The bill doesn't directly provide funding to make that happen — an important additional step, many contend. Without support, said Rachel Sottile, president and CEO of the Center for Children & Youth Justice, "it is likely we will see the family again because their underlying issues have not been met."

Hunter said he believes the bill will indirectly increase funding as DCYF's caseload for preventative services goes up.

He also said he expects money given directly to parents through the just-passed federal stimulus package will  help. "We believe it will reduce child poverty in America and most likely in Washington state as well by half," Hunter said.

Meanwhile, some Snohomish County lawyers are chipping away at the problem another way.  A couple of years ago, they started the Family Intervention Response to Stop Trauma Clinic, which operates as a kind of emergency response system for parents at risk of losing their kids.

Low-income parents are entitled to a public defender beginning at the hearing held 72 hours after a removal. By then, though, "it's too late," said Adam Ballout of the ABC Law Group. Once children are taken away, there are a lot of bureaucratic and legal hurdles to getting them back.

If they could just get involved a little earlier, Ballout and his colleagues felt, they could avoid a dependency case altogether.

That usually means rushing to a hospital room, or calling over Zoom, because their focus is largely mothers who have just given birth, most with substance addictions, triggering a hospital call to DCYF.

The lawyers aim to get there within 30 minutes, advising a mom of her rights. Then, they get a "parent ally" and social service worker, Gina Wassemiller, on the case. Often in a matter of hours, she rounds up services — most crucially, a bed at a treatment facility that accepts mothers and babies — that a mom can use to show removal is unnecessary.

She and the lawyers want to get everything lined up before DCYF holds a crucial decision-making meeting with parents and family members.

Having the F.I.R.S.T. Clinic involved made all the difference at one such meeting a year ago,  said Smith, the Kirkland mother who struggled with a drug addiction for years and had already lost two children to foster care when she gave birth to a third.

At previous meetings, said the 34-year-old, state workers advised her to get treatment but didn't tell her how or where. "Not even a brochure." They also grilled her and made her feel like a terrible person, she said.

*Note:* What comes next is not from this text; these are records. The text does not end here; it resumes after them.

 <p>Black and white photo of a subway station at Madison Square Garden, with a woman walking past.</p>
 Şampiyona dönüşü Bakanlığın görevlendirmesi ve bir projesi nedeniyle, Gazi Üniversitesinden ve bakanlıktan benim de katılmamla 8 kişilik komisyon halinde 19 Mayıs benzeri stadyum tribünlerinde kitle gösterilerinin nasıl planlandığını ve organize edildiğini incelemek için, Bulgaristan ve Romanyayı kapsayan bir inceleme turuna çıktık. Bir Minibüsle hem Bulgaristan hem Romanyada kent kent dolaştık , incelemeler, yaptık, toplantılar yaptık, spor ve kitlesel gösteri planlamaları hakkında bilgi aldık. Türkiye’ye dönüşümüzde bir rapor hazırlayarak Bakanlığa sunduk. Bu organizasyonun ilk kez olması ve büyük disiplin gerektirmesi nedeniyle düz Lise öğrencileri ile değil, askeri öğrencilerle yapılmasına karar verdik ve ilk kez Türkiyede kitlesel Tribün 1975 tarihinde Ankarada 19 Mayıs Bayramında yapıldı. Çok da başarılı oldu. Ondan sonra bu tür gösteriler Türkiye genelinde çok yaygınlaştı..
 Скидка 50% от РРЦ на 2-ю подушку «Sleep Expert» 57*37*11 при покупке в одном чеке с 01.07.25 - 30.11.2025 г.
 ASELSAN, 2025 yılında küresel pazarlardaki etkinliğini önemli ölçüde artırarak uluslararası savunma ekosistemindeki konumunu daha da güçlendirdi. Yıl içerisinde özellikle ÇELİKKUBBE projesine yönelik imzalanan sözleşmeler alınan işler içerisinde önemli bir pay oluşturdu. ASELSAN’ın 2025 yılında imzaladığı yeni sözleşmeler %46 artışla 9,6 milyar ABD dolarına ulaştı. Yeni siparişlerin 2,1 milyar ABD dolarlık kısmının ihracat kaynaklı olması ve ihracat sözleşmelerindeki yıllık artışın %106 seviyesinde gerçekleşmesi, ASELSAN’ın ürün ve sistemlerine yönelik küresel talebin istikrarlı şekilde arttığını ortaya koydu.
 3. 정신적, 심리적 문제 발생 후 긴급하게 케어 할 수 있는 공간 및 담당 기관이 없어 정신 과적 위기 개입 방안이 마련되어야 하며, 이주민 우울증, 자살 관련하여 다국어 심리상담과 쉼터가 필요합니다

This time around, Smith said, DCYF staff were open-minded and respectful. The F.I.R.S.T Clinic presented a plan for her and her newborn daughter to go to a six-month treatment center in Everett. The state agreed.

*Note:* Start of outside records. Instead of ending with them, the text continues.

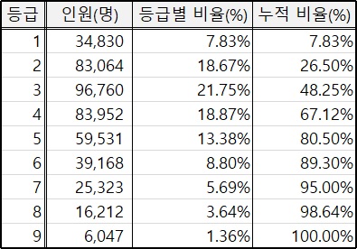 그럼 1등급은 10명중 1등해도 될까말까하다는 이야기.
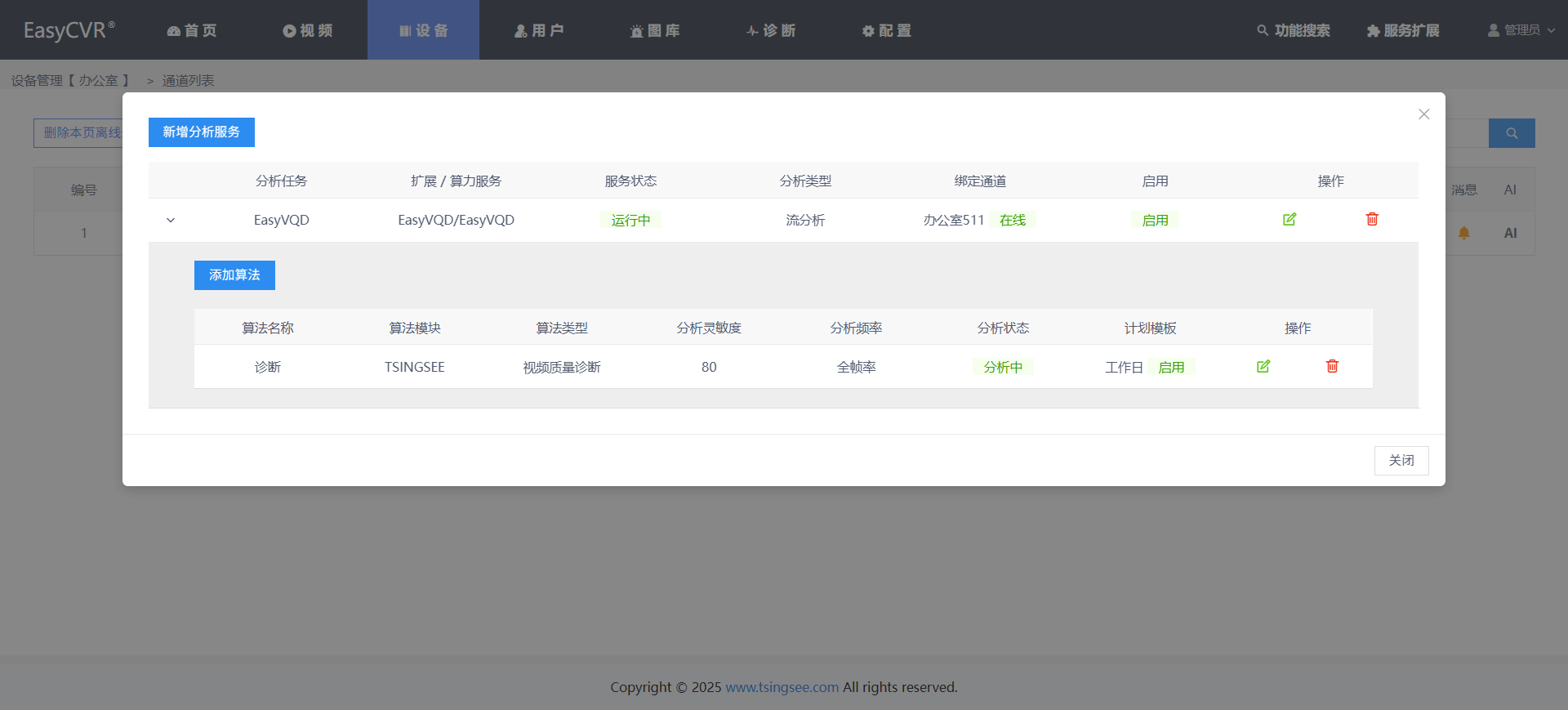 传统人工巡检模式无法适配海量设备的运维需求,不仅需要投入大量人力成本,还存在响应滞后、故障定位困难等问题。在此背景下,市场亟需一种能够集成于视频汇聚平台、无需额外加装硬件、可实现自动化诊断的解决方案,EasyCVR视频质量诊断功能应运而生,其核心目标是通过智能化技术,实现视频质量异常的精准识别、快速告警、高效溯源,大幅降低运维成本,提升安防系统的可用性。
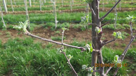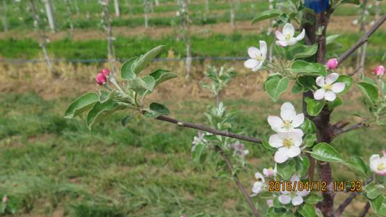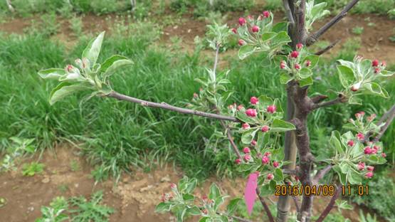 经过一年时间的观察,莫迪品种表现良好,经统计定植第一年单株挂果5-7个,株高增加40-50cm,花芽饱满。定植第二年物候期与富士一致,单株花量达35-40个。
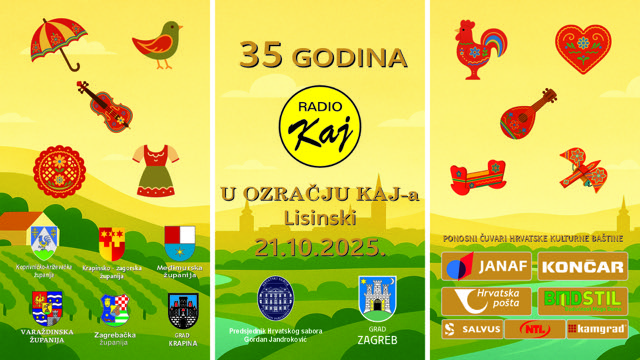 Svečanim koncertom “U ozračju Kaja”, u prepunoj Koncertnoj dvorani Vatroslava Lisinskog u Zagrebu, Radio Kaj je, 21. listopada 2025. godine, proslavio 35 godina postojanja – tri i pol desetljeća predanog rada, povezivanja zajednica i očuvanja kajkavske glazbe i identiteta. Više od dva sata glazbenog slavlja, emocija i zajedništva obilježilo je ovu nezaboravnu večer. Na pozornici se izmijenilo više od 30 izvođača – od glazbenih legendi kajkavske scene do mladih snaga koje nastavljaju tradiciju. Uz pratnju Orkestra Radija Kaj, izvedene su najljepše popevke kajkavskog podneblja koje je publika u dvorani s oduševljenjem prihvatila i otpjevala. Publiku su oduševili nastupi Vanne, Jacquesa Houdeka, Mie Dimšić, Matije Cveka, Željka Krušlina Kruške, Zdenke Kovačiček, Đanija Stipaničeva, Martina Kosovca, Marka Škugora, Filipa Hozjaka, Adama Končića, Tanje Mršić, Mirka Švende Žige, Željka Sesvečana, Stjepana Jeršeka Štefa, Ivana Benca, Gordane Ivanjek Tušek, Ive i Elle Ranogajec Inkret, Karle i Dina Miklaužića te glazbenih skupina: Kavaliri, Kirjales, Đurđevčice, Singrlice, Kajda, Fiola, Queentete, Figurin, Brv i Kmeti. Svi oni koji su godinama stvarali uz Radio Kaj i ostavili neizbrisiv trag u glazbenom životu Hrvatske. Koncert je otvoren obraćanjima visokih uzvanika, koji su istaknuli neprocjenjivu ulogu Radija Kaj u očuvanju jezika, kulture i identiteta sjeverozapadne Hrvatske. Njihove riječi zahvale, priznanja i podrške, snažna su potvrda važnosti Radija Kaj kao kulturne i medijske institucije koja već tri i pol desetljeća čuva i promiče kajkavski jezik, glazbu, baštinu i osjećaj zajedništva.

When she got out, she moved into a Kirkland apartment using a federal housing voucher for families who have been through the child-welfare system, pursued on the advice of Wassemiller. In November, Smith's two older children, 4 and 3, moved out of foster care and in with her.

"They're doing so good," Smith said, taking pride in a report written by a court-appointed advocate for the preschoolers. Smith read a passage that described them as happy and talkative, their speech improved. They "go to their mother for hugs and kisses for no other reason than to just be in her arms."